Gut Microbes (Jan 2021)
A behavioral model for mapping the genetic architecture of gut-microbiota networks
Abstract
The gut microbiota may play an important role in affecting human health. To explore the genetic mechanisms underlying microbiota-host relationships, many genome-wide association studies have begun to identify host genes that shape the microbial composition of the gut. It is becoming increasingly clear that the gut microbiota impacts host processes not only through the action of individual microbes but also their interaction networks. However, a systematic characterization of microbial interactions that occur in densely packed aggregates of the gut bacteria has proven to be extremely difficult. We develop a computational rule of thumb for addressing this issue by integrating ecological behavioral theory and genetic mapping theory. We introduce behavioral ecology theory to derive mathematical descriptors of how each microbe interacts with every other microbe through a web of cooperation and competition.
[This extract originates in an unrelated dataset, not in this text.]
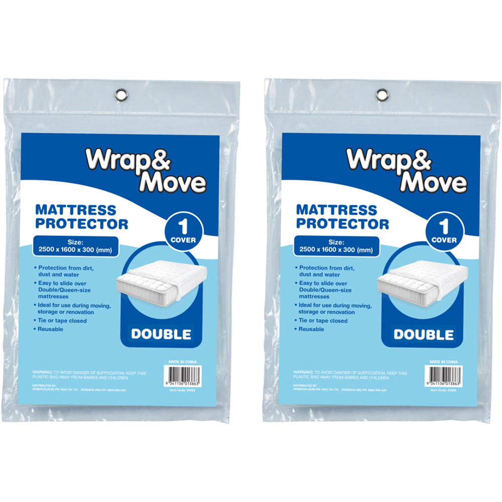 Ensure your mattresses remain pristine during moves, storage, or renovations with the Wrap & Move Mattress Protector. This two-pack offers a perfect solution for beds, safeguarding them against dirt, dust, insects, and water. Simply slide the protector over your mattress and secure it by tying or taping it shut, enjoying the ease of use and durability that allows for repeated use.

We estimate the emergent properties of gut-microbiota networks reconstructed from these descriptors and map host-driven mutualism, antagonism, aggression, and altruism QTLs. We further integrate path analysis and mapping theory to detect and visualize how host genetic variants affect human diseases by perturbing the internal workings of the gut microbiota. As the proof of concept, we apply our model to analyze a published dataset of the gut microbiota, showing its usefulness and potential to gain new insight into how microbes are organized in human guts. The new model provides an analytical tool for revealing the “endophenotype” role of microbial networks in linking genotype to end-point phenotypes.